■ MATERIAL PROVIDED ■

──────────

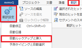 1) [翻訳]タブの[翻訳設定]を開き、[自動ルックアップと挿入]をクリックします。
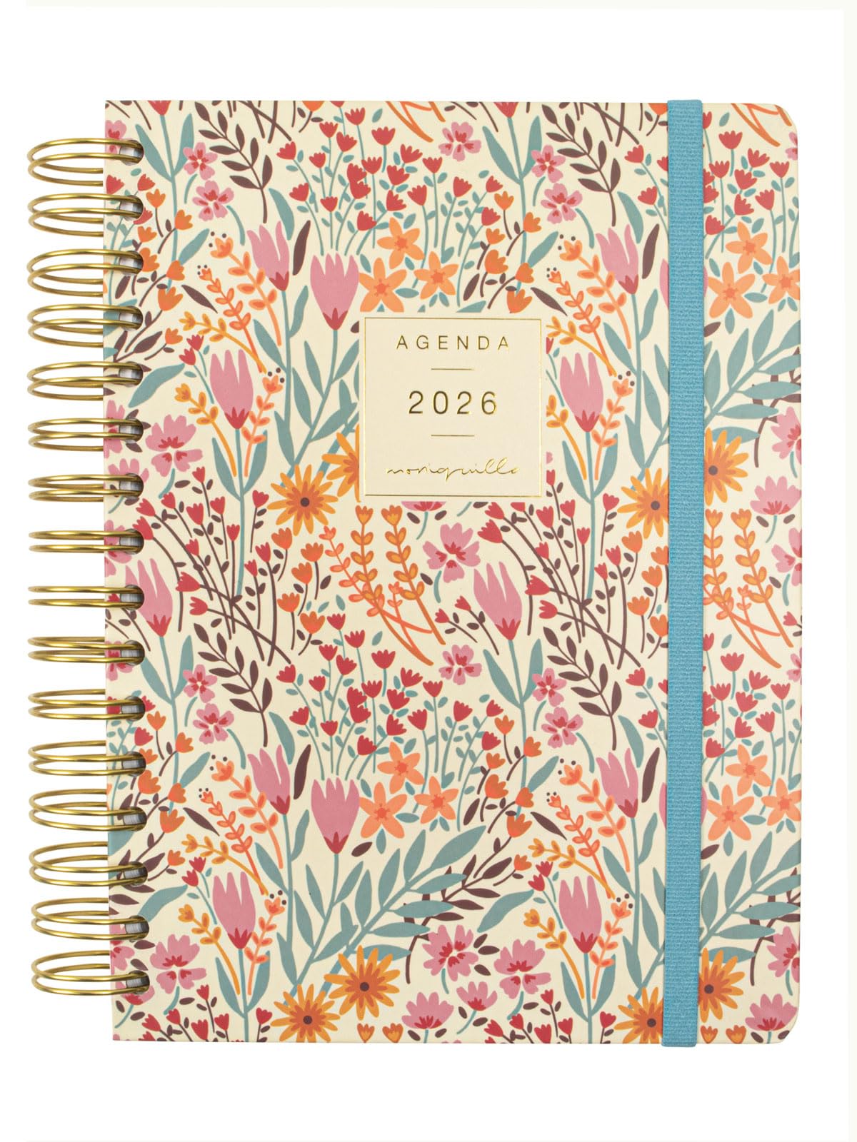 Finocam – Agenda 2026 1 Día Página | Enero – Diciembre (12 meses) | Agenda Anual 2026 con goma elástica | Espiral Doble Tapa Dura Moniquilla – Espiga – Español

──────────

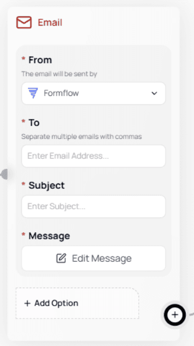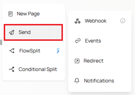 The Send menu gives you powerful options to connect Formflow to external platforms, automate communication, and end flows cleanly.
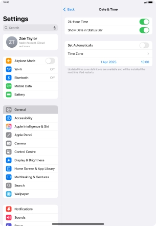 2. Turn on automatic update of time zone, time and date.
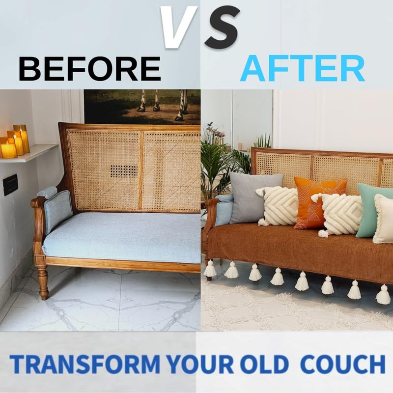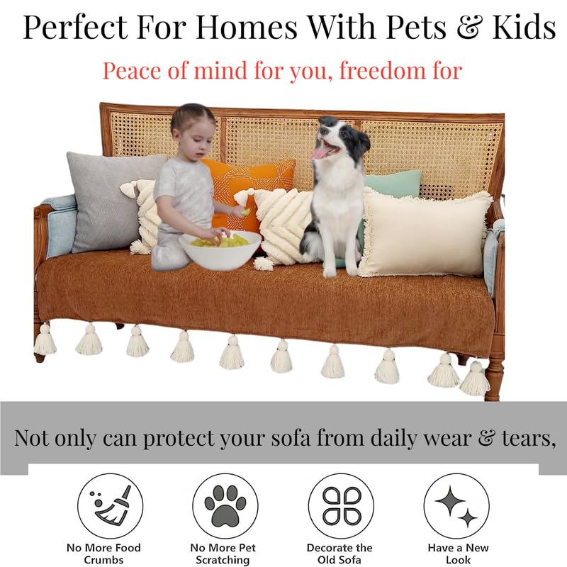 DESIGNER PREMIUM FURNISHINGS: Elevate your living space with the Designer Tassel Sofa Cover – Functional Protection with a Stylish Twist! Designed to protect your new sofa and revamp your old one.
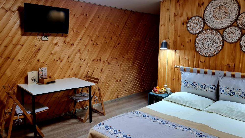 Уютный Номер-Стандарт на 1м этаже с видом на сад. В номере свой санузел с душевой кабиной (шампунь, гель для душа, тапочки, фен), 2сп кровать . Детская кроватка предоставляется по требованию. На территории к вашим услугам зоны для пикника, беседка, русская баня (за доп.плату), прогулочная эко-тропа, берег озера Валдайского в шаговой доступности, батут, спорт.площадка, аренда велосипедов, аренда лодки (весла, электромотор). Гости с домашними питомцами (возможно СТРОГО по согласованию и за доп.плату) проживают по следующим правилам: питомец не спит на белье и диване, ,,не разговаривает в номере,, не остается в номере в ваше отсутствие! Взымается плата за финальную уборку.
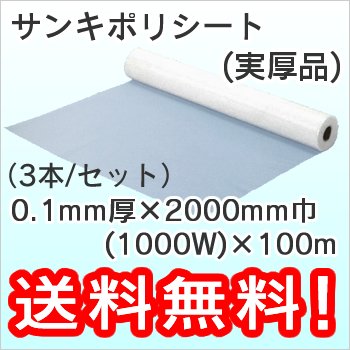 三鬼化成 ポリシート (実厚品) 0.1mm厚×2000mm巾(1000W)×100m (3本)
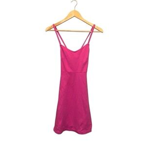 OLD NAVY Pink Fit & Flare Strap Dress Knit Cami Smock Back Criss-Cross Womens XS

──────────

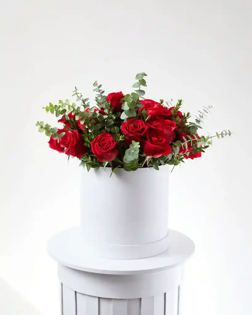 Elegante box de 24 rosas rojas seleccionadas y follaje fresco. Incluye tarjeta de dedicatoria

──────────

■ WHAT NEEDS TO BE DONE ■
Could you output exactly the lines above, from the line with "DESIGNER PREMIUM FURNISHINGS: Elevate" up to and including the line with "OLD NAVY Pink", and nothing else, skipping the pictures?

■ REPLY TO THE TASK ■
 DESIGNER PREMIUM FURNISHINGS: Elevate your living space with the Designer Tassel Sofa Cover – Functional Protection with a Stylish Twist! Designed to protect your new sofa and revamp your old one.
 Уютный Номер-Стандарт на 1м этаже с видом на сад. В номере свой санузел с душевой кабиной (шампунь, гель для душа, тапочки, фен), 2сп кровать . Детская кроватка предоставляется по требованию. На территории к вашим услугам зоны для пикника, беседка, русская баня (за доп.плату), прогулочная эко-тропа, берег озера Валдайского в шаговой доступности, батут, спорт.площадка, аренда велосипедов, аренда лодки (весла, электромотор). Гости с домашними питомцами (возможно СТРОГО по согласованию и за доп.плату) проживают по следующим правилам: питомец не спит на белье и диване, ,,не разговаривает в номере,, не остается в номере в ваше отсутствие! Взымается плата за финальную уборку.
 三鬼化成 ポリシート (実厚品) 0.1mm厚×2000mm巾(1000W)×100m (3本)
 OLD NAVY Pink Fit & Flare Strap Dress Knit Cami Smock Back Criss-Cross Womens XS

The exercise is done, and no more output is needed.